(THE DATA)
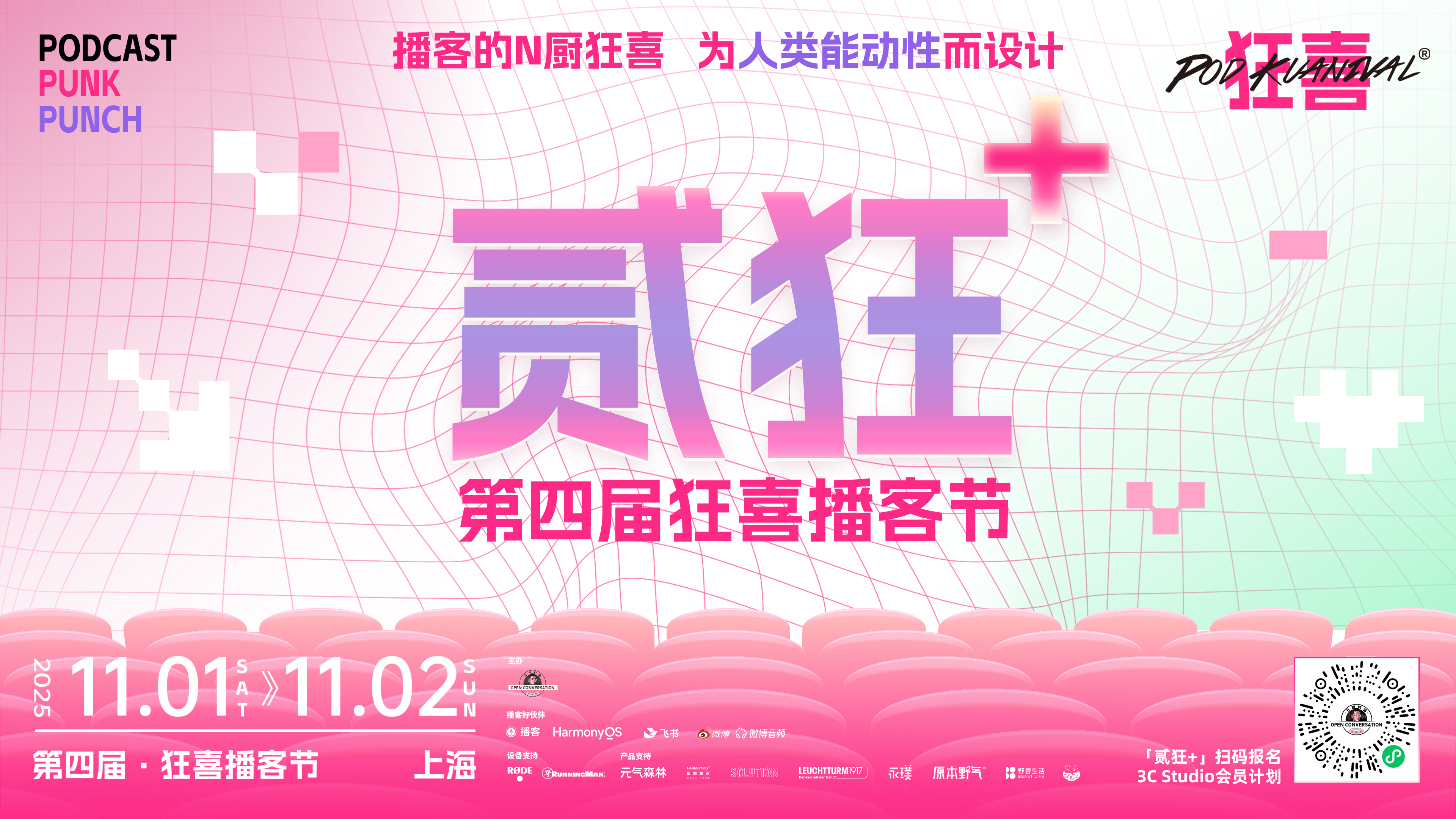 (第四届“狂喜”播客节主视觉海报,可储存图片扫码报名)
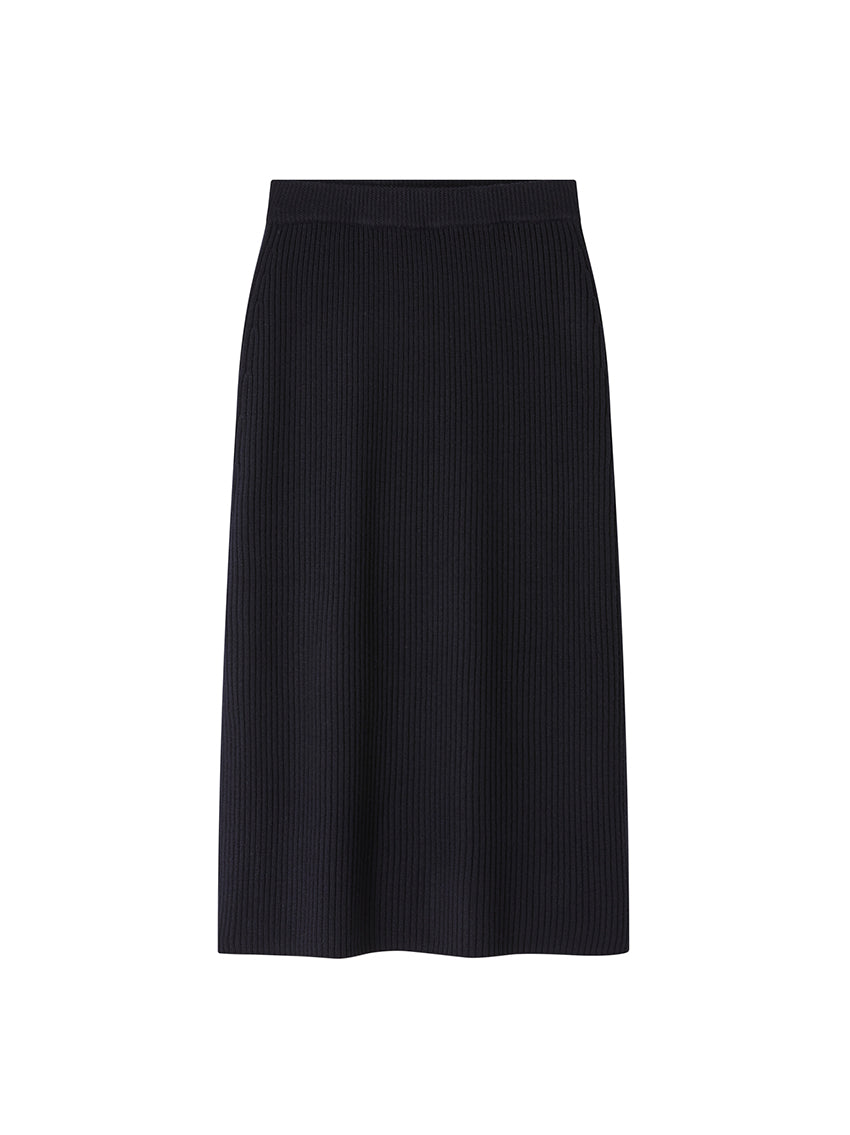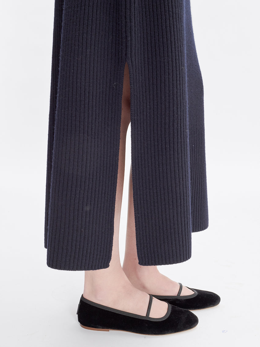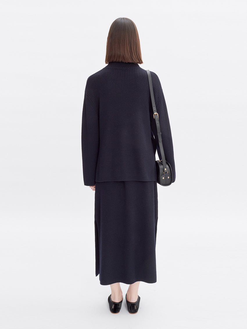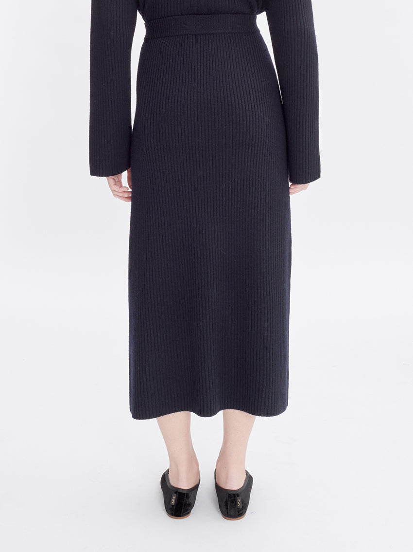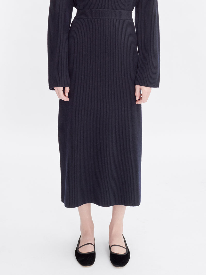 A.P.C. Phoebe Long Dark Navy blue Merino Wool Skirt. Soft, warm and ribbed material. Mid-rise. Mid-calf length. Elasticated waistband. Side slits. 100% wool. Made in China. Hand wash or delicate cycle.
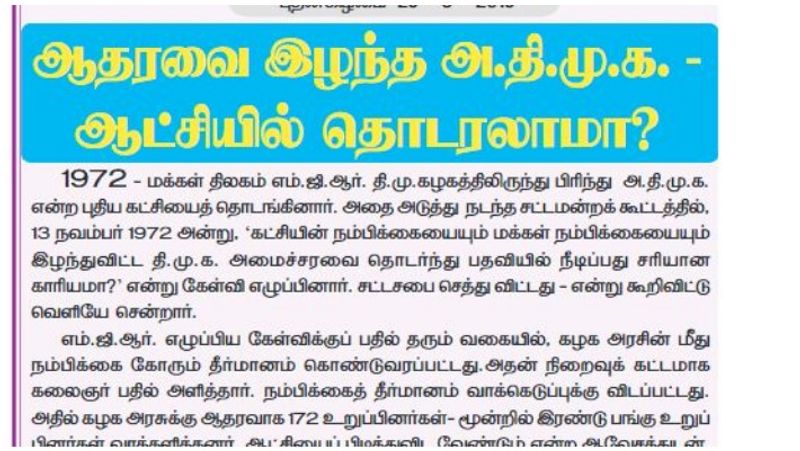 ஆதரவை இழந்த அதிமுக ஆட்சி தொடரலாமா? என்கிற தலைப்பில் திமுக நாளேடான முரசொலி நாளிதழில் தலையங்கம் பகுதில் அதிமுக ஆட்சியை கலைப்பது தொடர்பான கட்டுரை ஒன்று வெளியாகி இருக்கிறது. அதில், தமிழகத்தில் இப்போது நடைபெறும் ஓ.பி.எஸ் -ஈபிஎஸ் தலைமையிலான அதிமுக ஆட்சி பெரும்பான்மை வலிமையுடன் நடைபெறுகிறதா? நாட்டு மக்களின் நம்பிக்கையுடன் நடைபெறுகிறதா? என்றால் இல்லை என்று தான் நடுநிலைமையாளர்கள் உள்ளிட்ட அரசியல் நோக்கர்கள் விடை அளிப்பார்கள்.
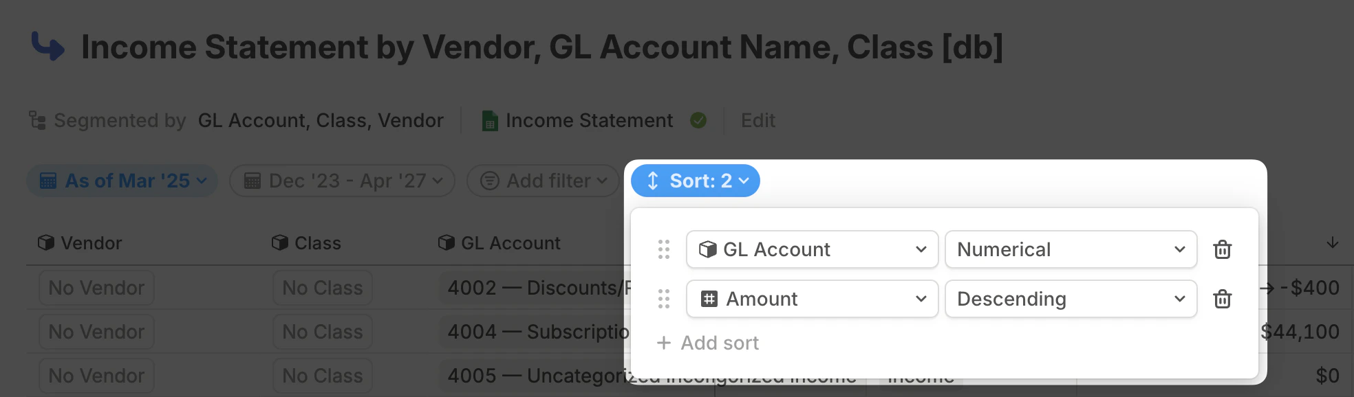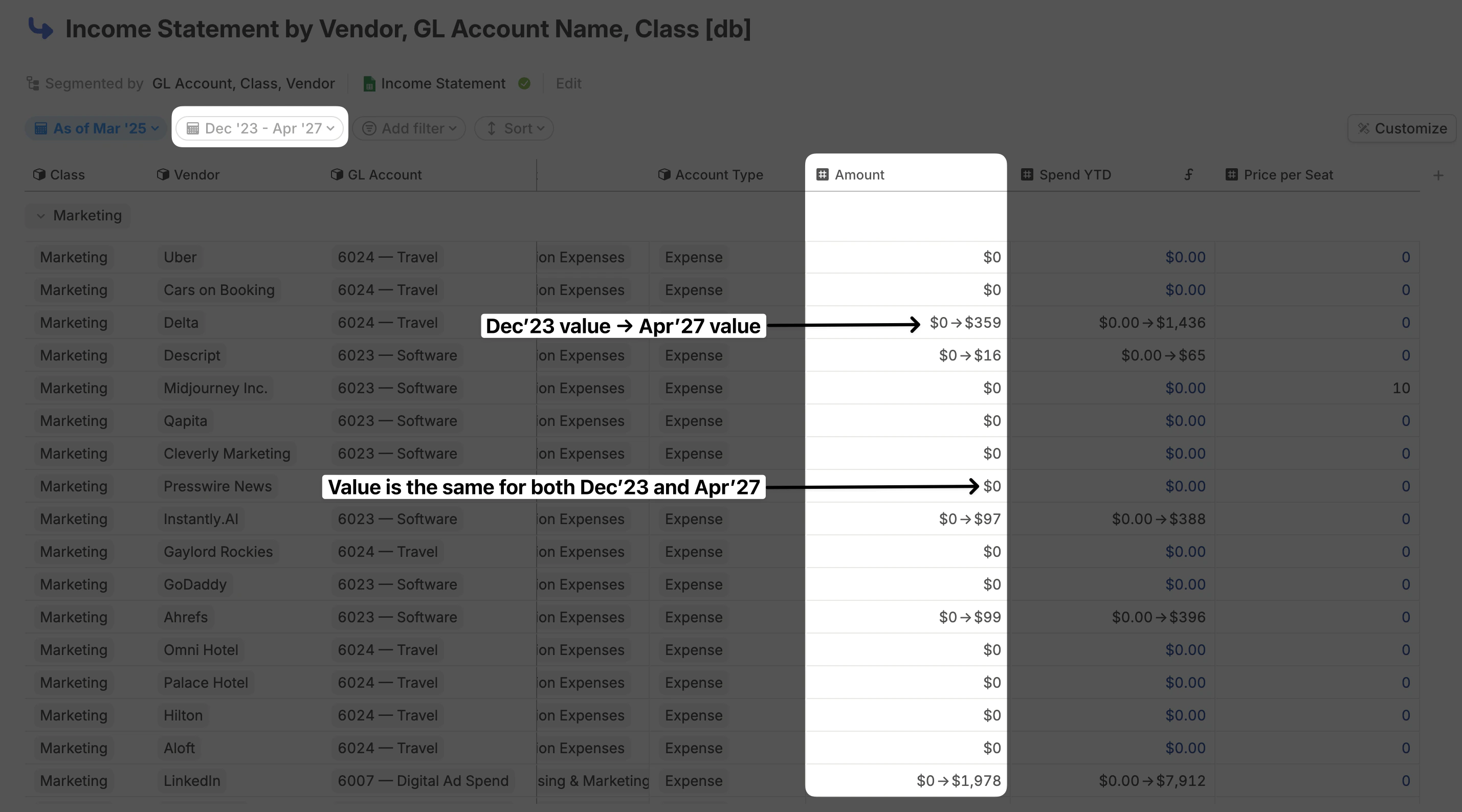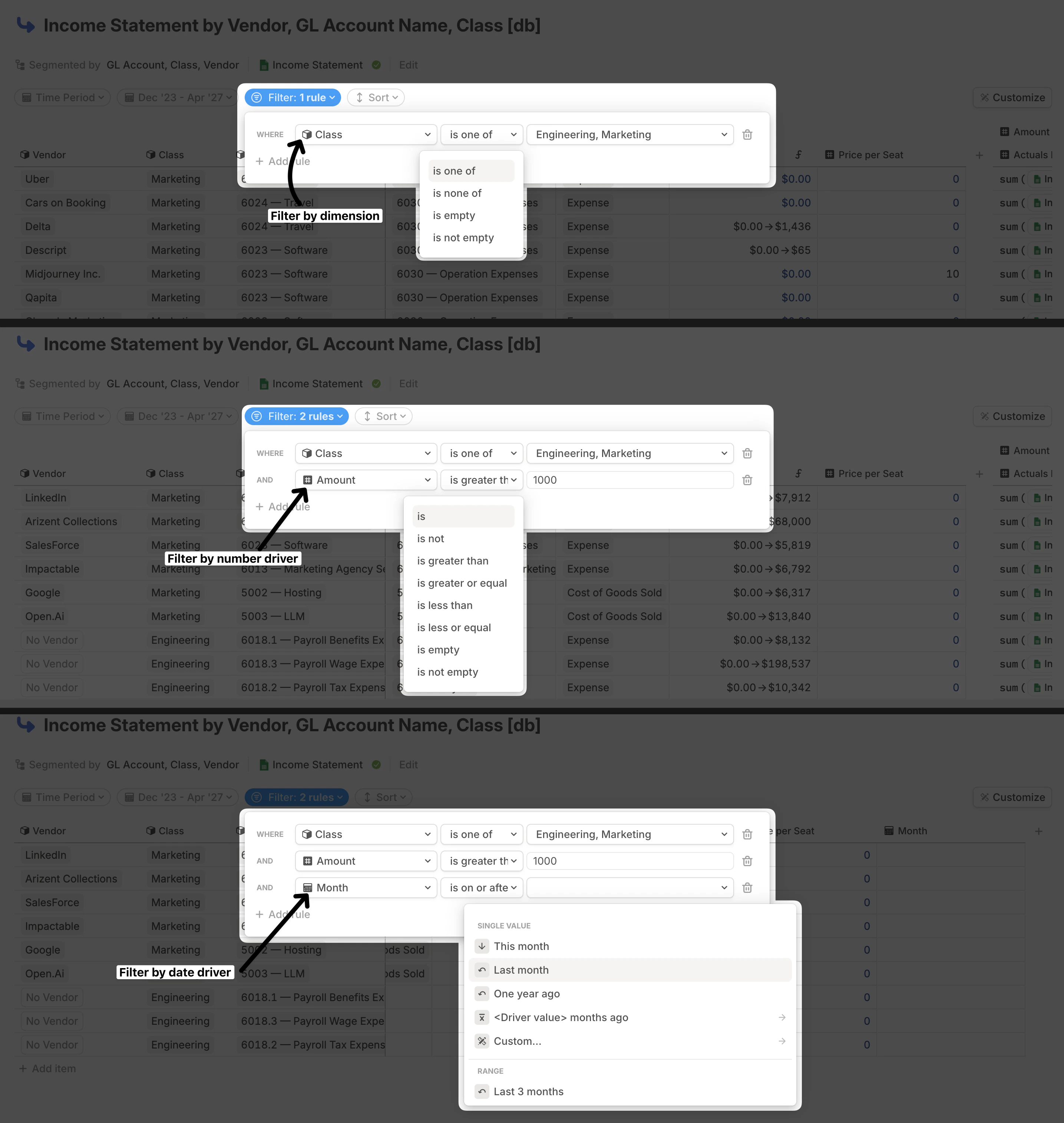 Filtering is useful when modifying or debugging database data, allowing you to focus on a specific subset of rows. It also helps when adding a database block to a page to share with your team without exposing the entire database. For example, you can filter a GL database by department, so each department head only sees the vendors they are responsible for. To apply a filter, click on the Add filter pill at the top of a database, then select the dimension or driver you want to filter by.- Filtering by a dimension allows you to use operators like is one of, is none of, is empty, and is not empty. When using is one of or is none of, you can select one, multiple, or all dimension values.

(ASSIGNMENT) Exactly the lines from the top of the listing through the line with "A.P.C. Phoebe Long", and no pictures, should be printed.

(TASK RESULT)
 (第四届“狂喜”播客节主视觉海报,可储存图片扫码报名)
 A.P.C. Phoebe Long Dark Navy blue Merino Wool Skirt. Soft, warm and ribbed material. Mid-rise. Mid-calf length. Elasticated waistband. Side slits. 100% wool. Made in China. Hand wash or delicate cycle.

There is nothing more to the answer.